RECORDS SHOWN:
══════
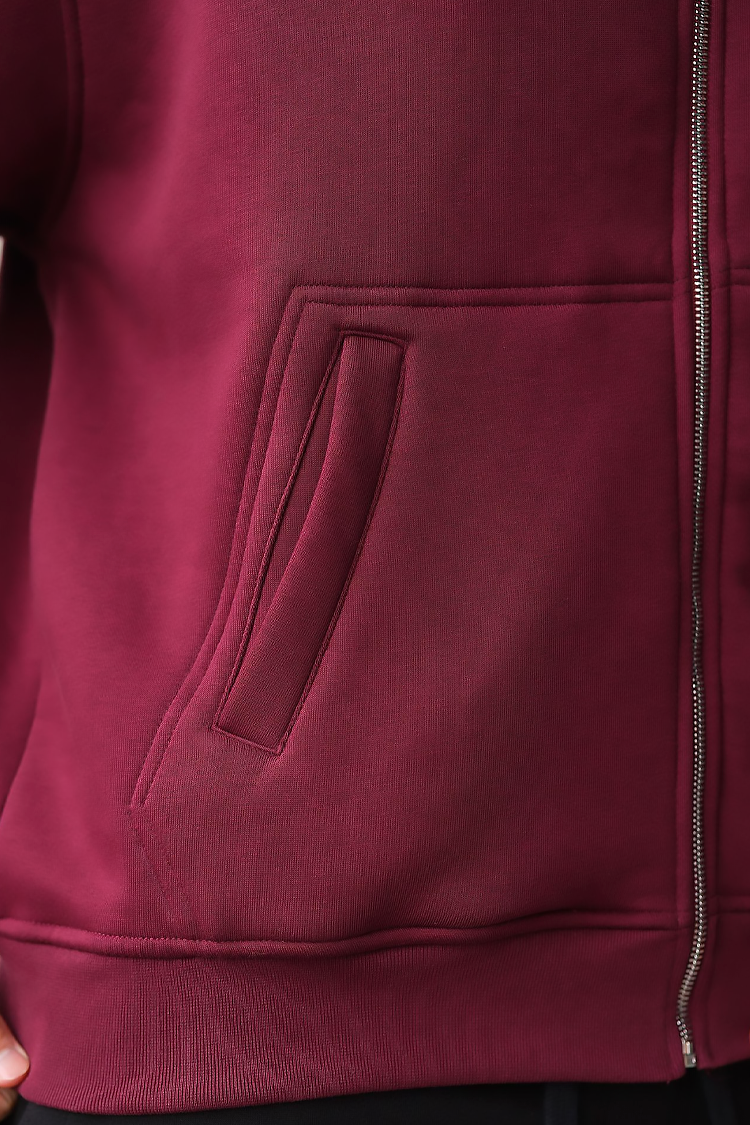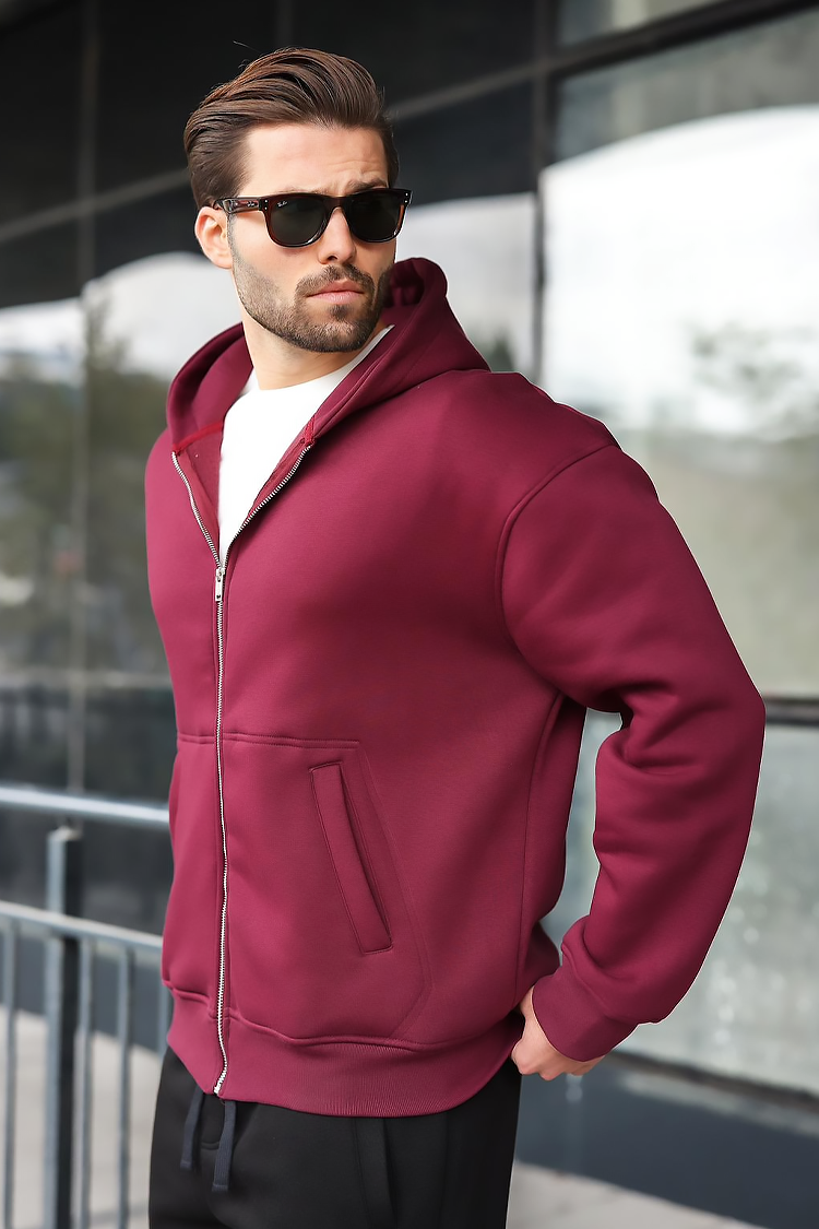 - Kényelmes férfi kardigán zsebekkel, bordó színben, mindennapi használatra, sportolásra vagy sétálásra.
══════
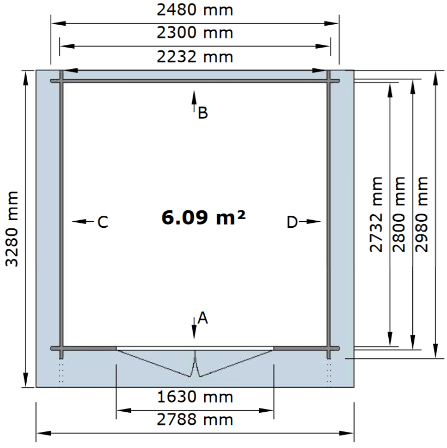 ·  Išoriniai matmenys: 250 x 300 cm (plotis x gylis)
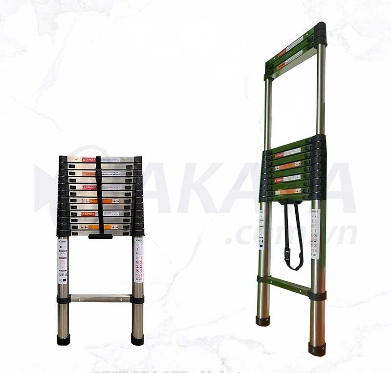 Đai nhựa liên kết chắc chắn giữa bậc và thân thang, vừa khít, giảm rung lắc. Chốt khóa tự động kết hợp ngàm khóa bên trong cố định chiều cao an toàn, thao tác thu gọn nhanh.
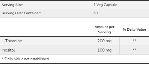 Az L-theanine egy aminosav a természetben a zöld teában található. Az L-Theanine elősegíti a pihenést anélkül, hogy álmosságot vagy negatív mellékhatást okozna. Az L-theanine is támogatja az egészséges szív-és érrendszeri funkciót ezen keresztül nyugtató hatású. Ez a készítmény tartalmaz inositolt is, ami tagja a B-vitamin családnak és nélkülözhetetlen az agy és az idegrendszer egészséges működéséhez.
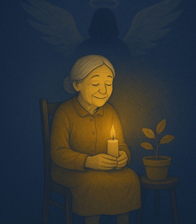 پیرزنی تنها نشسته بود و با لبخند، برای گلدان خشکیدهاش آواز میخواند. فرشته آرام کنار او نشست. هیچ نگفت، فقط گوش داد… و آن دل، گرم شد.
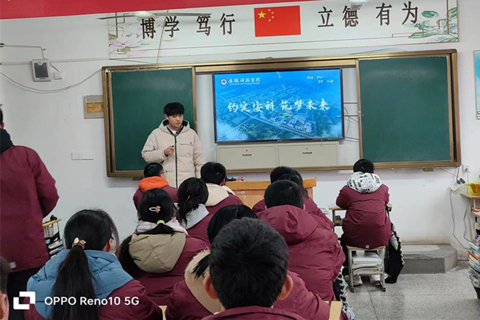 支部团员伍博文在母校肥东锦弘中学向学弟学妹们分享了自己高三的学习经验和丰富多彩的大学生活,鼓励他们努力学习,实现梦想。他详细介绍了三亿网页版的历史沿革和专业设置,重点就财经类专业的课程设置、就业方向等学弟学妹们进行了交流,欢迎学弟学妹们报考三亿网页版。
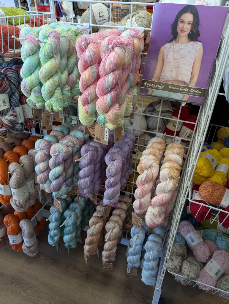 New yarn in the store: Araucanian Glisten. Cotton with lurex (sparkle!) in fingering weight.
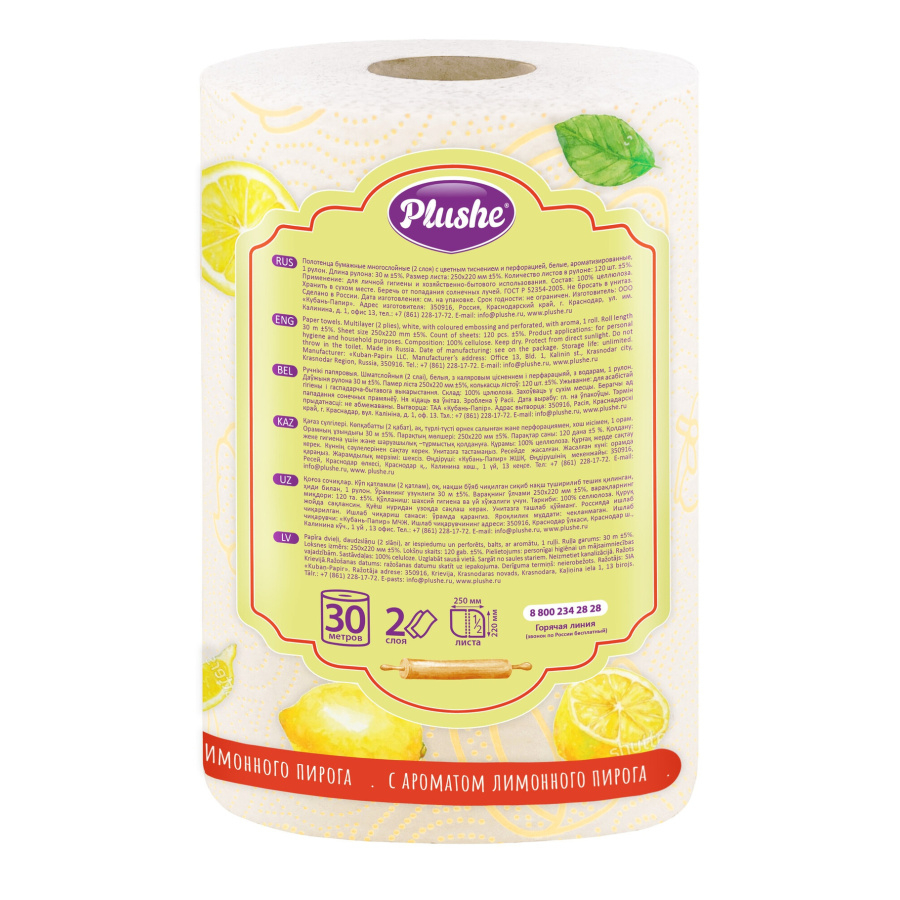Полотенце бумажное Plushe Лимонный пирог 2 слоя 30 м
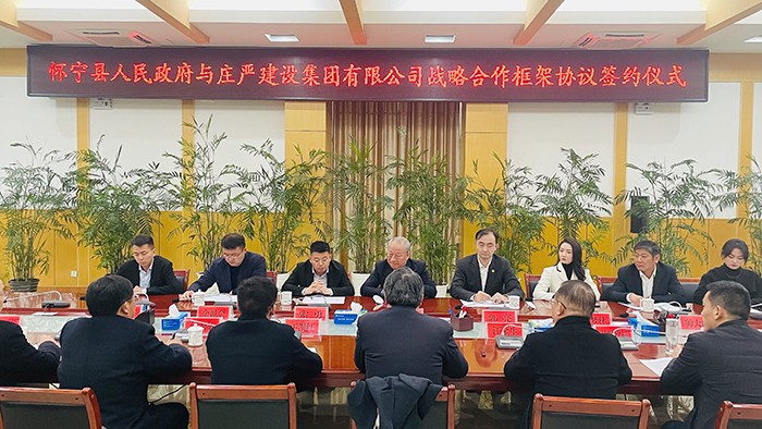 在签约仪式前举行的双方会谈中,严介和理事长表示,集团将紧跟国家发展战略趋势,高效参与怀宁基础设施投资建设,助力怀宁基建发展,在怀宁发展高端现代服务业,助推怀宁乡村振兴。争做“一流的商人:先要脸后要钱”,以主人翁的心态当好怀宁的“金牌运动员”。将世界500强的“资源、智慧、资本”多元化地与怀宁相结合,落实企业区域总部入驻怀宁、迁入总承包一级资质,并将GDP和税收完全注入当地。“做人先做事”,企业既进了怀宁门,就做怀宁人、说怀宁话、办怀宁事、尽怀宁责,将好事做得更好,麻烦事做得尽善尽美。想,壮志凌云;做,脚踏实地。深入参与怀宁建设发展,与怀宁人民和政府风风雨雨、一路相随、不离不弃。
══════
TASK DESCRIPTION: The lines to reproduce run from the one above containing "Полотенце бумажное Plushe" through the one containing "在签约仪式前举行的双方会谈中". Copy them exactly and leave out all pictures.

RESPONSE AREA:
Полотенце бумажное Plushe Лимонный пирог 2 слоя 30 м
 在签约仪式前举行的双方会谈中,严介和理事长表示,集团将紧跟国家发展战略趋势,高效参与怀宁基础设施投资建设,助力怀宁基建发展,在怀宁发展高端现代服务业,助推怀宁乡村振兴。争做“一流的商人:先要脸后要钱”,以主人翁的心态当好怀宁的“金牌运动员”。将世界500强的“资源、智慧、资本”多元化地与怀宁相结合,落实企业区域总部入驻怀宁、迁入总承包一级资质,并将GDP和税收完全注入当地。“做人先做事”,企业既进了怀宁门,就做怀宁人、说怀宁话、办怀宁事、尽怀宁责,将好事做得更好,麻烦事做得尽善尽美。想,壮志凌云;做,脚踏实地。深入参与怀宁建设发展,与怀宁人民和政府风风雨雨、一路相随、不离不弃。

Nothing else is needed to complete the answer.